Plant breeding is quite an old process used in agriculture, and scientists and farmers alike have been using plant breeding methods in creating plants with unique and beneficial qualities, for example, the ability to tolerate drought.
Scientists started utilizing biotechnology, which is a genetic manipulation that transfers beneficial genes into plants. This opens new opportunities and allows for greater efficiency to improve crops. This includes genetic modification produces GMO (genetically modified organisms) and GM seed (genetically modified seed).
With the increase in the production of GM crops, a GMO test helps establish the nature and safety of a product and guarantees its compliance with labeling and import guidelines for GM food and feed.
The Development of Genetically Modified Seeds
Plant scientists distinguish genes that have the characteristic to improve a crop. They make a copy of the potentially beneficial gene and add it into the DNA of a plant.
This GMO testing usually takes years to complete to make sure that the GM seed is as safe and beneficial to farmers as its unprocessed counterpart.
Over five countries grow, field-test, and import GMOs. The GMO regulations are different from one country to another. The popular varieties of GMOs available across the globe include:
- Corn (Maize)
- Sugar Beets
What Are the Advantages of Growing Genetically Modified Crops?
- It helps conserve natural habitats: Farmers benefit from GM seeds by meeting the rising demand to produce enough crops and use their arable lands most efficiently. This also results in the preservation of nearby plants.
- Makes the most of natural resources: Genetically modified organisms promote the no-till farming technique that helps keep the nutrients and moisture in the soil. This technique also helps in reducing greenhouse gas emissions and fuel demands. In other instances, GM corn crops aid the harvests in areas that are affected by drought and with limited water resources.
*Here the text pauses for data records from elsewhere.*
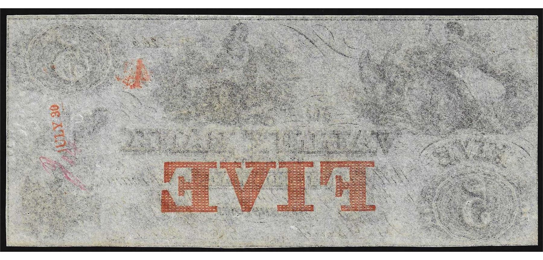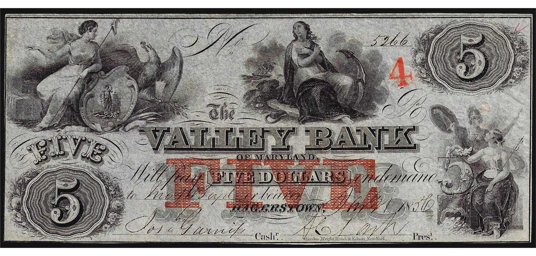 One 1836 $5 The Valley Bank of Maryland Obsolete Bank Note.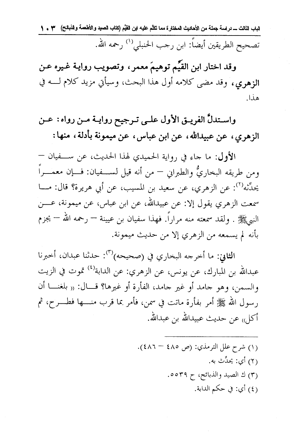 الأول: ما جاء في رواية الحميدي لهذا الحديث، عن سفيان - ومن طريقه البخاريُّ والطبراني - من أنه قيل لسفيان: فإن معمراً يحدِّثه2: عن الزهري، عن سعيد بن المسيب، عن أبي هريرة؟ قال: ما سمعت الزهري يقول إلا: عن عبيد الله، عن ابن عباس، عن ميمونة، عن النبي صلى الله عليه وسلم. ولقد سمعته منه مراراً. فهذا سفيان بن عيينة - رحمه الله - يجزم بأنه لم يسمعه من الزهري إلا من حديث ميمونة.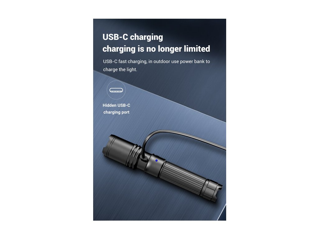 USB-C port je umiestnený z bočnej strany a je ukrytý pod hlavou svietidla, ktorú treba najskôr z časti odskrutkovať smerom do prava, až kým sa neukáže spomínaný USB-C port. Pripojte priložený USB-C káblik do konektora USB-C. Druhý koniec kábla s USB koncovkou, pripojte napr. do USB portu PC. Pre nabíjanie využíva štandardný USB port, takže môžete akumulátor nabíjať doma, v kancelárii, vo vozidle alebo kdekoľvek, kde máte k dispozícii USB port. Li-ion akumulátor 18650 umiestnený v tele svietidla sa začne nabíjať.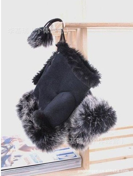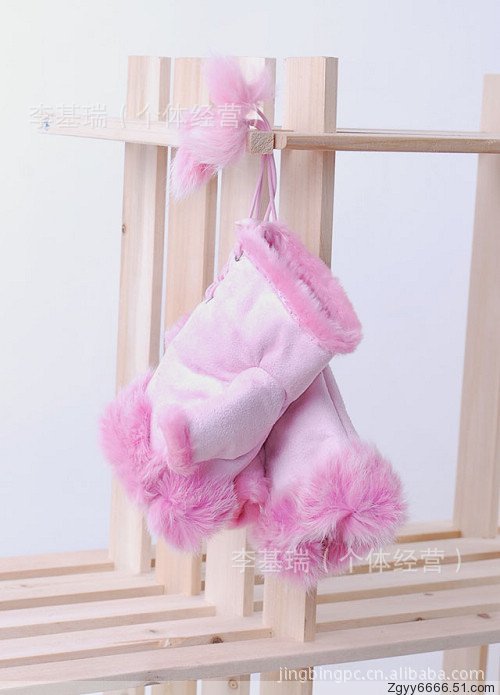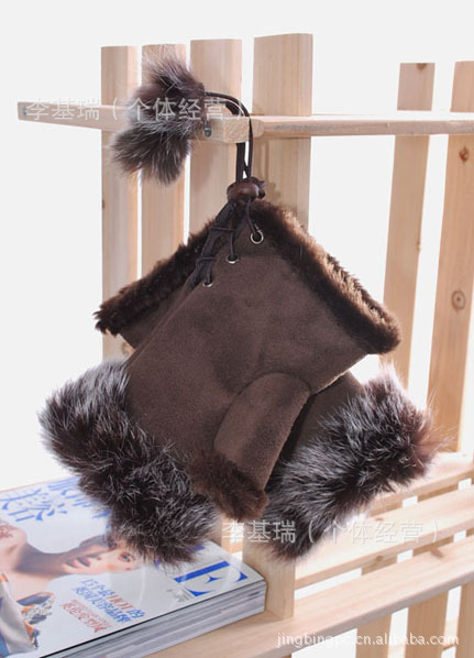 麂皮絨鑲兔毛的,里布是很保暖的絨絨,戴著它的小手手既暖和又很靈活方便,
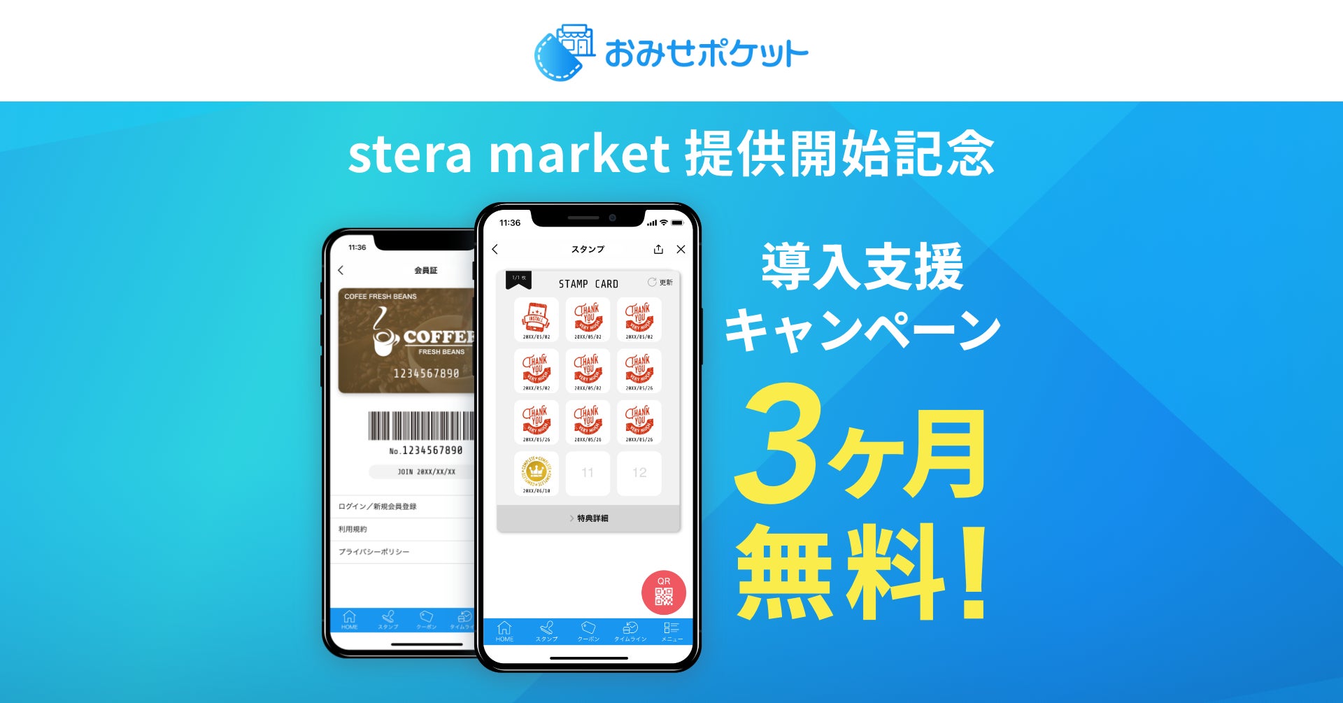 「stera market」での「おみせポケット」提供開始を記念して、期間中に新規にお申込みをいただいた企業・店舗様に限り、月額費用を3ヶ月無料にてご提供いたします。

- Helps combat pests and diseases: There are crops that have been genetically modified to resist plant-specific diseases and pests that can leave a field in ruins. Modified plants that are able to protect their roots from pest damage utilize water efficiently compared to plants with damaged roots.
- Provides farmers with more options: Every growing environment of crops is unique and presents different challenges and concerns for farmers. When farmers use GMOs in combination with other agricultural methods, the result is another means to preserve natural resources and address certain challenges.
- Can cut down the use of pesticides: GMO crops enable farmers to use fewer pesticides on their arable lands, which means less toxic on the fields. The reason is that the crops are modified to enable the targeted use of pesticides and herbicides, resulting in greater pest resistance. Genetically modified plants can also fight off encroaching weeds much better.
- GMOs can help humans adapt to population growth and climate change: The ever-changing global conditions have put intense pressure on the farming industry to satisfy a large population. Many croplands experience extreme levels of drought. Other areas experience invasive pests and plant diseases that affect food production severely.
Biotechnology, in the form of GMO, helps people grow crop varieties that are more resilient and thrive well in changing conditions. There are many GMOs today that aid people meet various challenges, together with the use of modern agricultural techniques and new biologicals.
- Food products that contain GM ingredients are safe: Multiple scientific studies revealed that there is no evidence showing that GMOs cause negative effects in both livestock and humans.
A study of more than 29 years of productivity and health statistics of livestock arrived at the conclusion that genetically modified feed is nutritious and safe as non-GM in every way.
Before they are available on the market, GMOs undergo some testing for allergen potential and safety. In many countries, GM food products are tested more rigorously than conventional plant breeds.
The process can take up to 10 years, including assessments of potential risks to humans, livestock, wildlife, and the environment.
Part of the GMO test includes protein characterization and analysis as well as nutritional analysis. During these analyses, researchers and scientists examine the peptides and proteins that have manifested in the genetically modified organism using bioengineering techniques and make a comparison to the original.
This helps the experts to distinguish new proteins that the GM crop has exhibited. With that, they determine if those proteins could bring about an adverse effect, for example, trigger an allergic reaction.
The GMO testing market has been growing rapidly over the past few years. This is because it addresses many factors such as the evolution in agriculture technology, mandatory labeling in many countries, huge investments in biotechnology, diverse production of GM processed foods, and the need to guarantee safe and ample nutrition.